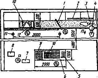 Рис.1.1. Схема организации рабочего места звена при устройстве полов с применением шаблона: 1 - правило, 2 - контрольная рейка, 3 - грабли, 4 - растворная тележка, 5 - запорные стержни, 6 - заготовочный стол, 7 - плитки, не пригодные для укладки в шаблон, 8 - плитки, подлежащие сортировке, 9 - отсортированная плитка, 10 - шаблон, 11 - маяк, 12 - маячная рейка. Примечание. Источник: [13,297]
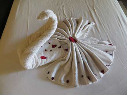 Tolle Handtuchtierchen auf dem Bett
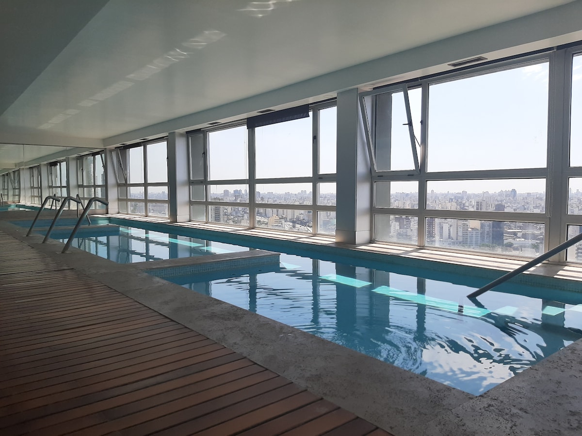 Elegante apartamento em Madero Urbano em frente a Puerto Madero, a poucos passos dos bairros de San Telmo, La Boca, microcentro, Plaza de Mayo, outros locais turísticos e vários meios de transporte. O edifício dispõe de serviços premium, como piscina aquecida, sauna, jacuzzi, academia, microcinema, sala de reuniões, segurança 24 horas. O apartamento está totalmente equipado. Wi-Fi de alta velocidade, em um 22º andar com vistas espetaculares. Muito silencioso e luminoso. Excelente localização.
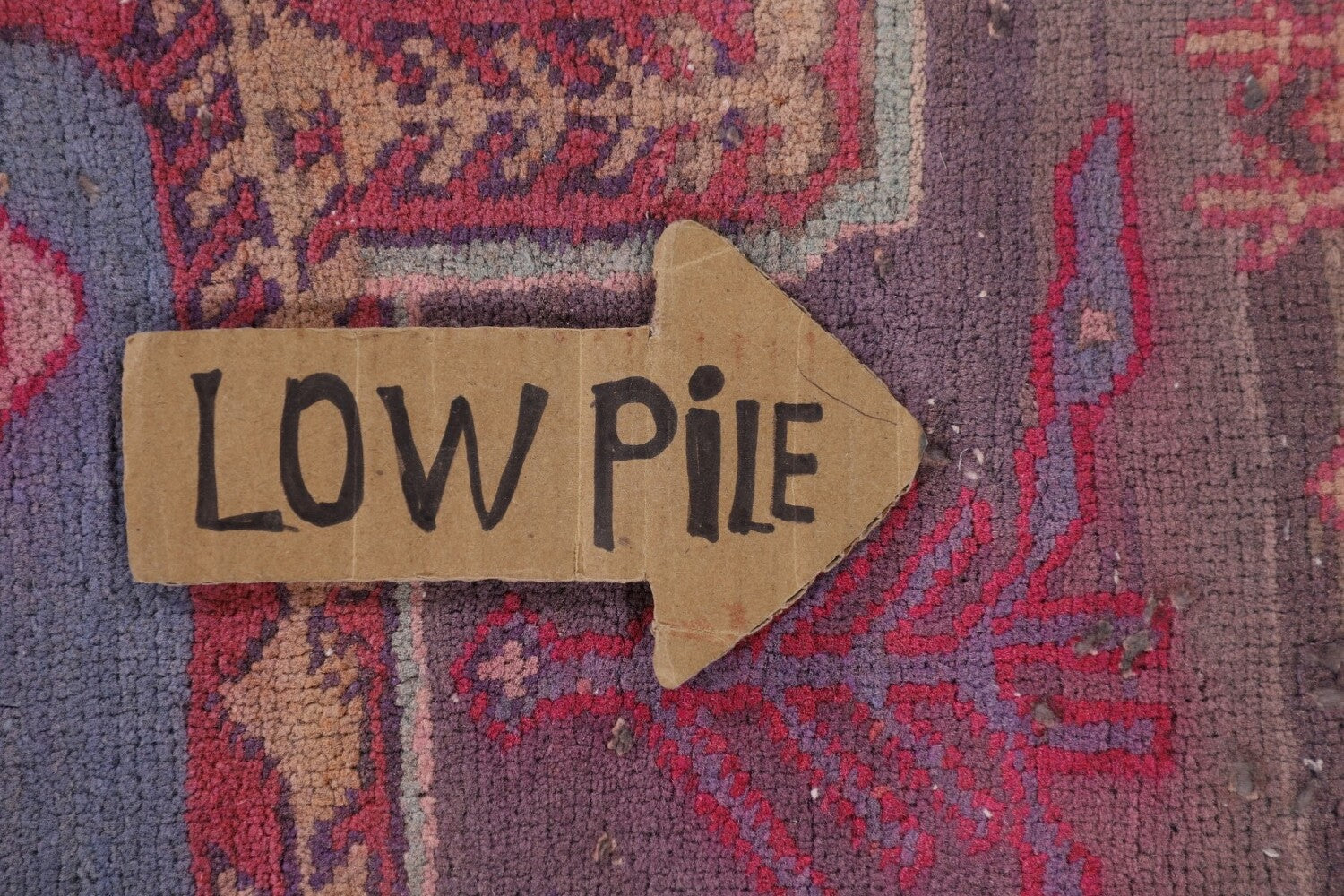 A Beautiful Genuine Persia ( Persia ) Ardebil rug is Hand Knotted by skillful weavers in Persia ( Persia ) with 100% Wool Material. This rug is in Very Good (Low Pile-Abrash) condition. dimensions are 9' 7'' X 3' 10'' in foot and 292 X 117 in centimeter. the primary color is Purples.
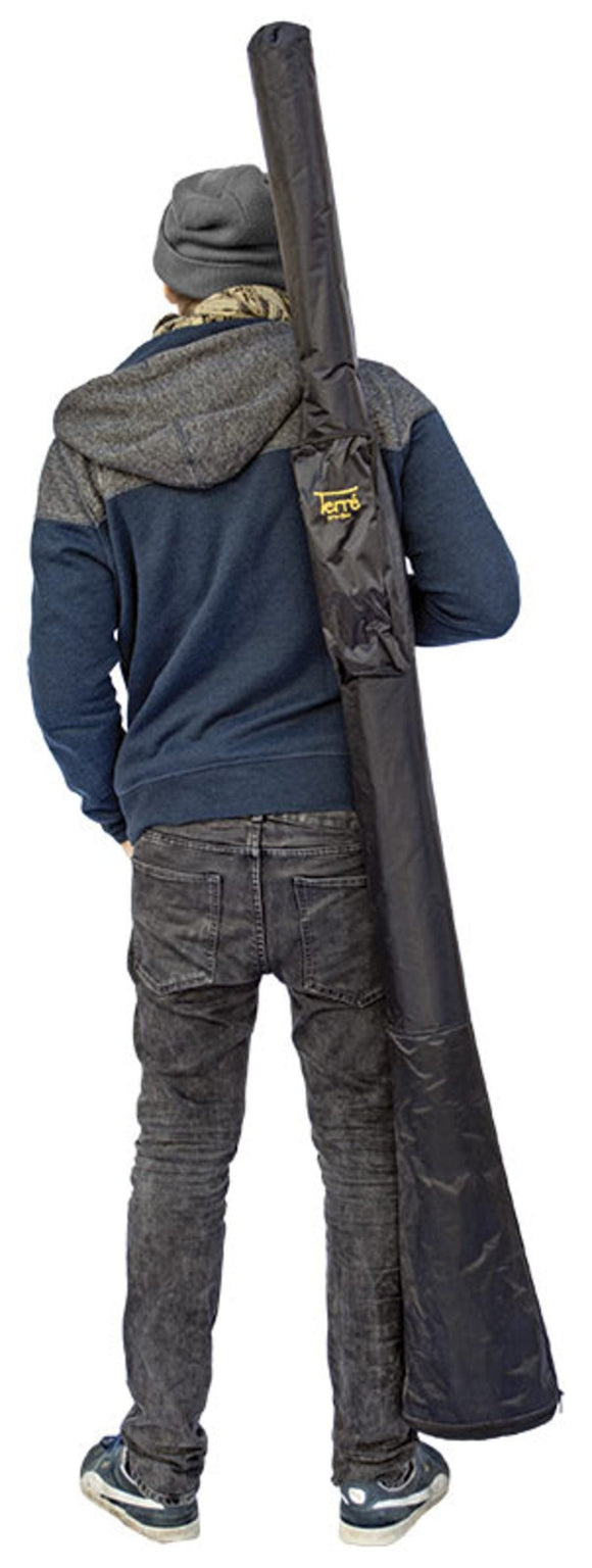 Made of canvas with stretcher belt Black color It has a flap zipper on top Suitable for didgeridoo 69" length 9" diameter
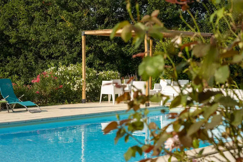 Uitrusten kan in het ruime en verwarmde zwembad (5,5 x12m) met prachtig zicht of in de tuin.
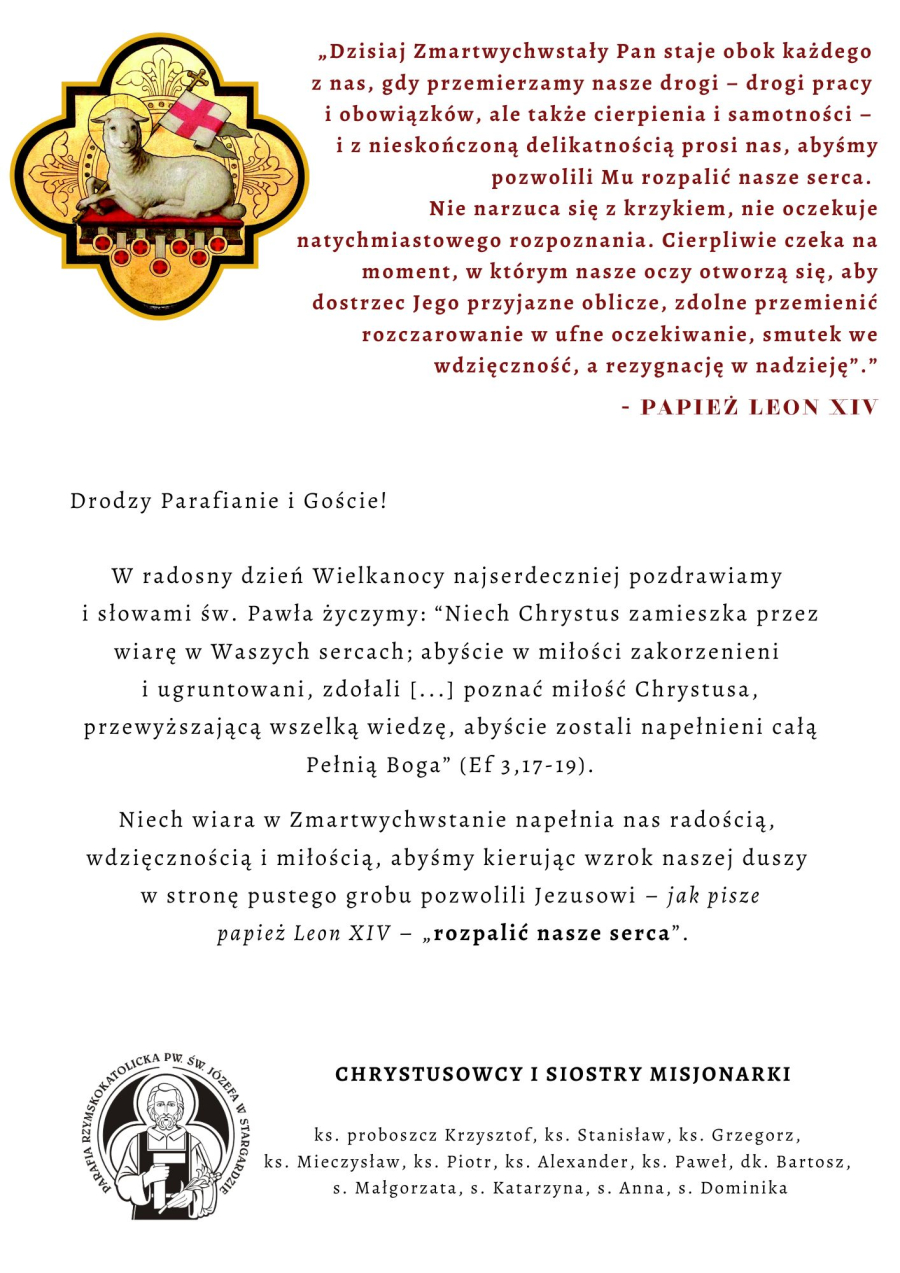 Niech wiara w Zmartwychwstanie napełnia nas radością, wdzięcznością i miłością, abyśmy kierując wzrok naszej duszy w stronę pustego grobu pozwolili Jezusowi – jak pisał papież Leon XIV – „rozpalić nasze serca”.
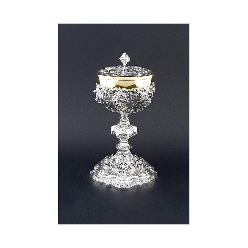 Pisside di fusione argentata, altezza cm 21,5 diametro cm 11 capienza particole circa 200. Disponibile anche dorata.
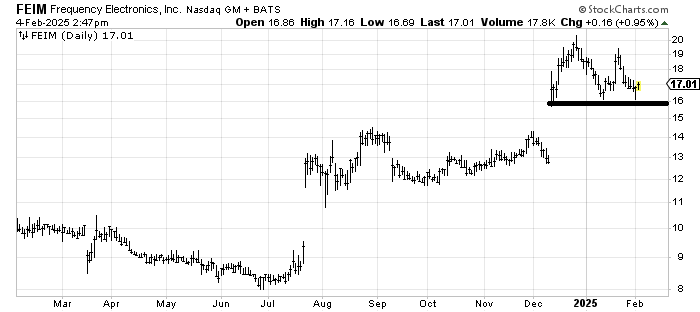 Frequency Electronics FEIM used to have a different ticker symbol (!!). As long as it holds over 16 it looks to me like the stock is a buy with a stop under there. Next resistance is 19-20.
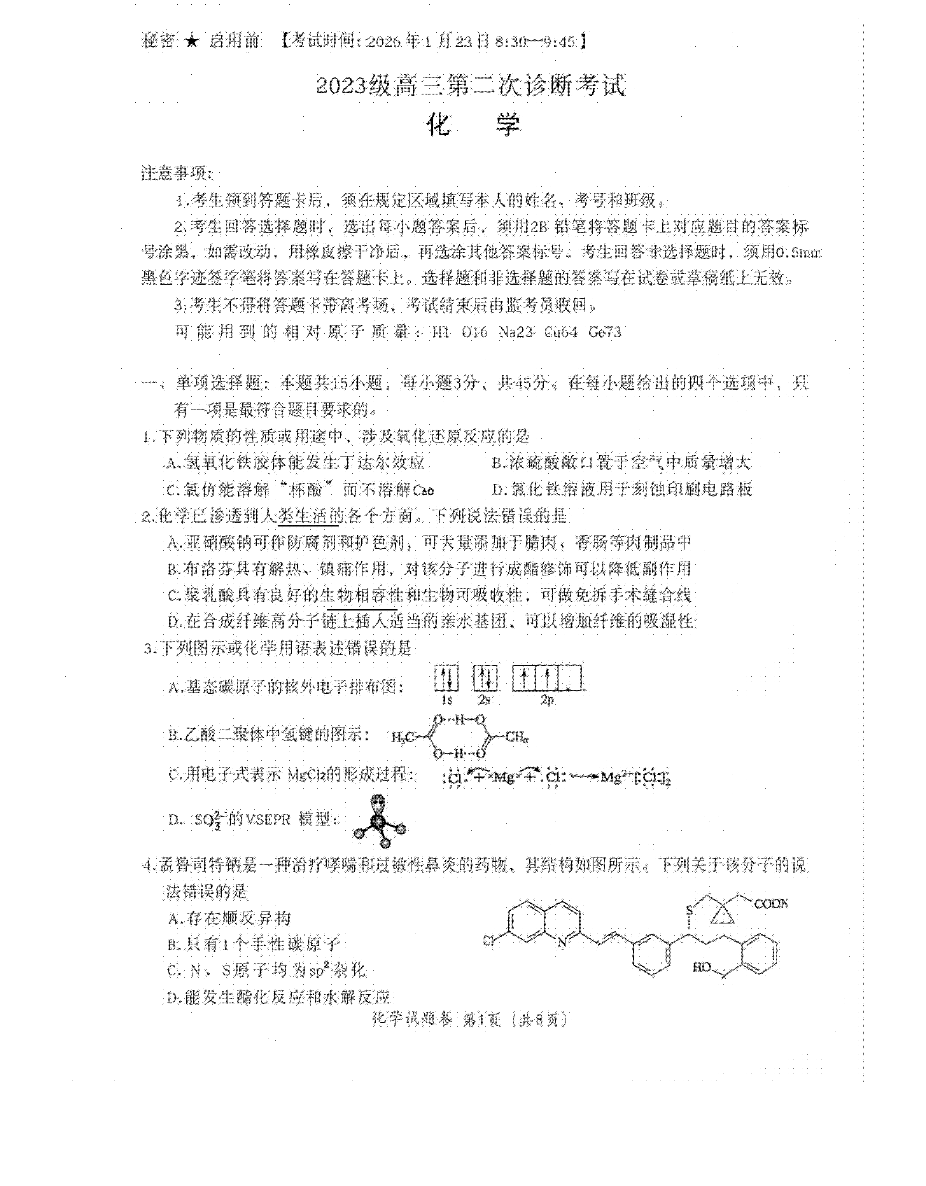 2026届高三绵阳二诊化学考试已于1月23日9:45结束。为帮助同学们及时核对答案、预估分数,本文在考试结束后第一时间收集整理完整版化学试卷与详细答案解析(含A卷、B卷),并在文末附上高考化学答题时间分配与答题规范。

____

# ACTIVITY
Give the lines again word for word, from the start of the records to the line holding "Tolle Handtuchtierchen auf dem Bett", both included, and leave out any picture.

# YOUR SOLUTION
 Рис.1.1. Схема организации рабочего места звена при устройстве полов с применением шаблона: 1 - правило, 2 - контрольная рейка, 3 - грабли, 4 - растворная тележка, 5 - запорные стержни, 6 - заготовочный стол, 7 - плитки, не пригодные для укладки в шаблон, 8 - плитки, подлежащие сортировке, 9 - отсортированная плитка, 10 - шаблон, 11 - маяк, 12 - маячная рейка. Примечание. Источник: [13,297]
 Tolle Handtuchtierchen auf dem Bett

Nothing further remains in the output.